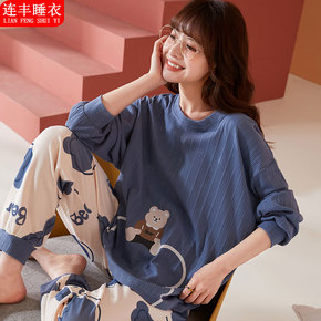 亦绚睡衣女士秋冬季华夫格棉长袖长裤可外穿休闲家居服...
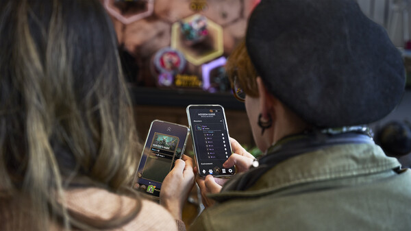 扫描显示器上的二维码,即可下载免费的《Sunderfolk》手机应用程序*(适用于 iOS 和 Android 系统),可以将您的手机或平板电脑变成控制器、卡牌、规则书、物品栏等游戏用品。亲朋好友都可以迅速上手这款游戏,因为他们所需的所有信息都会显示在掌中的手机或平板电脑上。
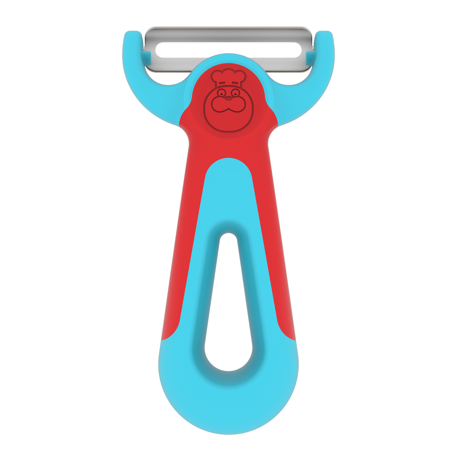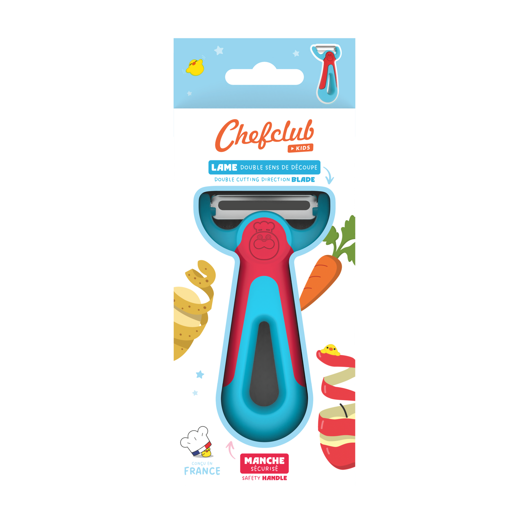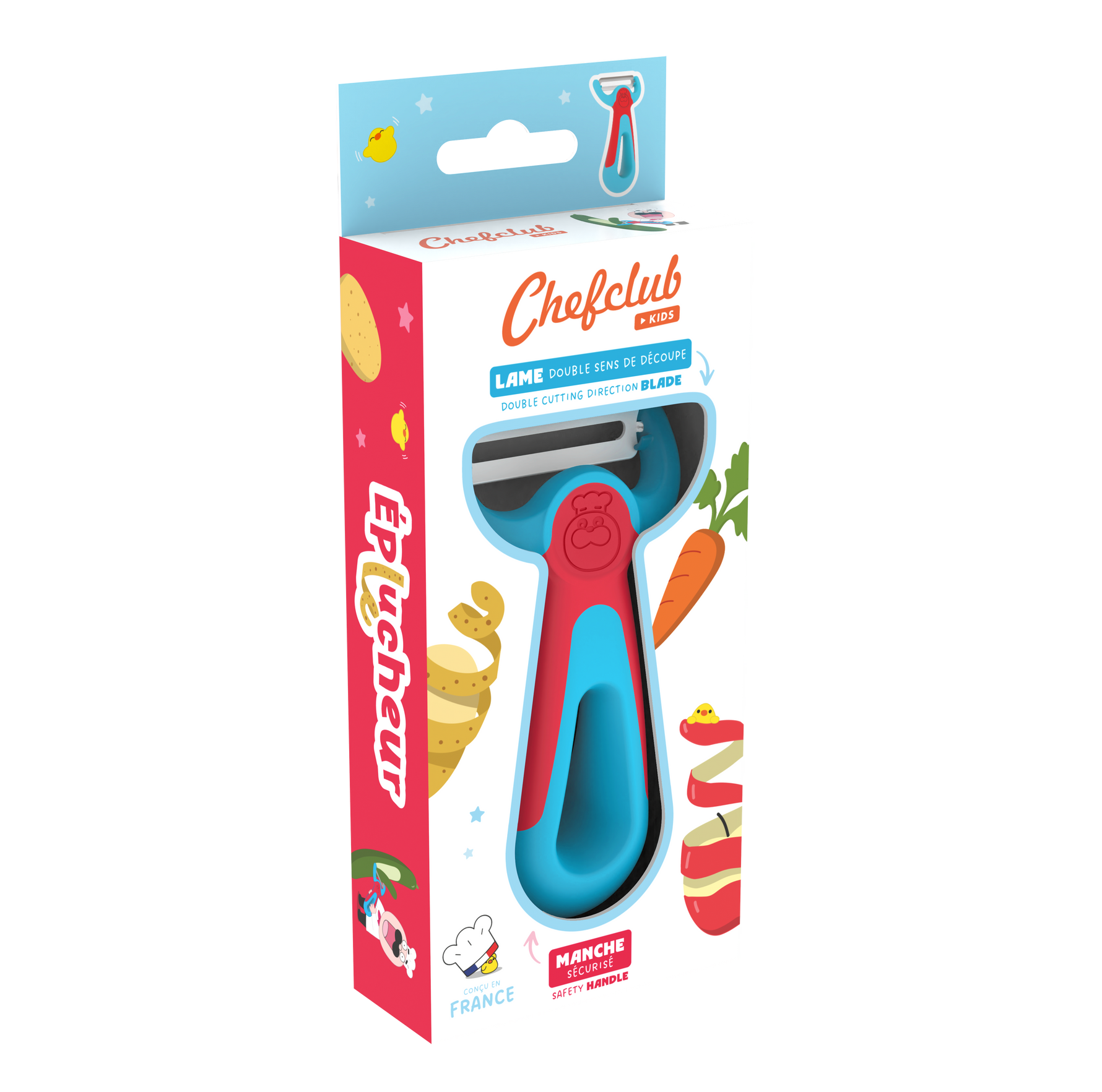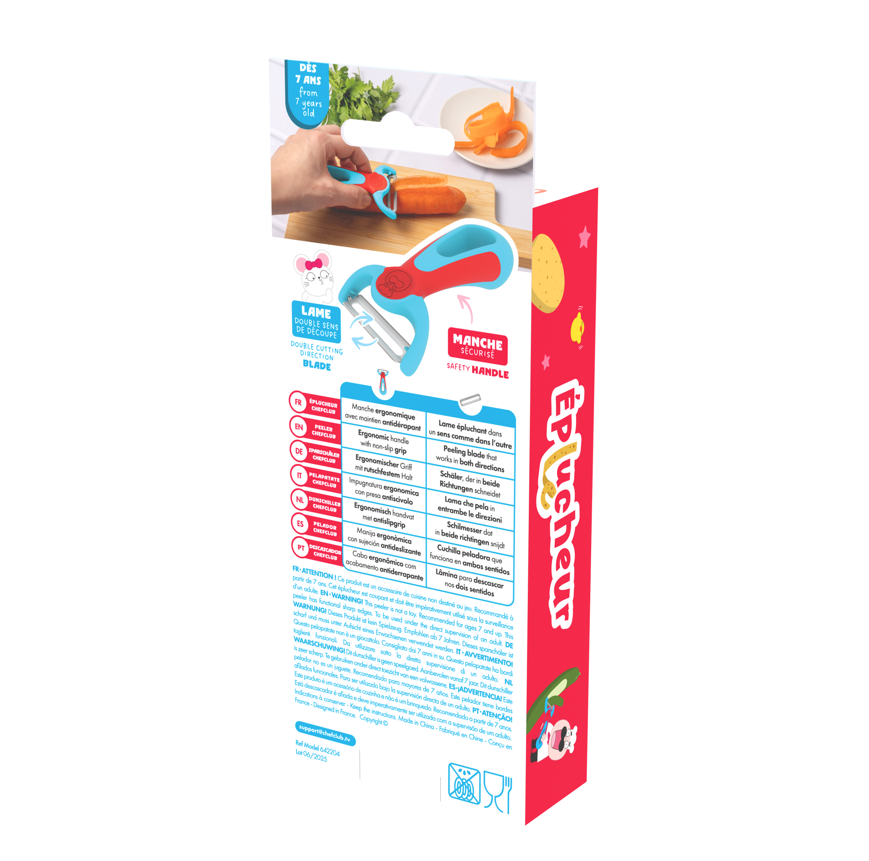 Après le couteau du chef, place à l’éplucheur Kids, spécialement conçu pour les petites mains. Sa forme ergonomique et son manche anti-dérapant offrent une prise en main sûre et confortable pour éplucher en toute sécurité. Sa lame bidirectionnelle permet d’éplucher les fruits et les légumes dans les deux sens, ce qui facilite l’action et rend le geste plus fluide et naturel. Un outil donc indispensable pour initier les enfants à la cuisine en toute autonomie !

=======

The problem — Each line above must be repeated exactly in the answer, with pictures omitted.

Written answer —
 亦绚睡衣女士秋冬季华夫格棉长袖长裤可外穿休闲家居服...
 扫描显示器上的二维码,即可下载免费的《Sunderfolk》手机应用程序*(适用于 iOS 和 Android 系统),可以将您的手机或平板电脑变成控制器、卡牌、规则书、物品栏等游戏用品。亲朋好友都可以迅速上手这款游戏,因为他们所需的所有信息都会显示在掌中的手机或平板电脑上。
 Après le couteau du chef, place à l’éplucheur Kids, spécialement conçu pour les petites mains. Sa forme ergonomique et son manche anti-dérapant offrent une prise en main sûre et confortable pour éplucher en toute sécurité. Sa lame bidirectionnelle permet d’éplucher les fruits et les légumes dans les deux sens, ce qui facilite l’action et rend le geste plus fluide et naturel. Un outil donc indispensable pour initier les enfants à la cuisine en toute autonomie !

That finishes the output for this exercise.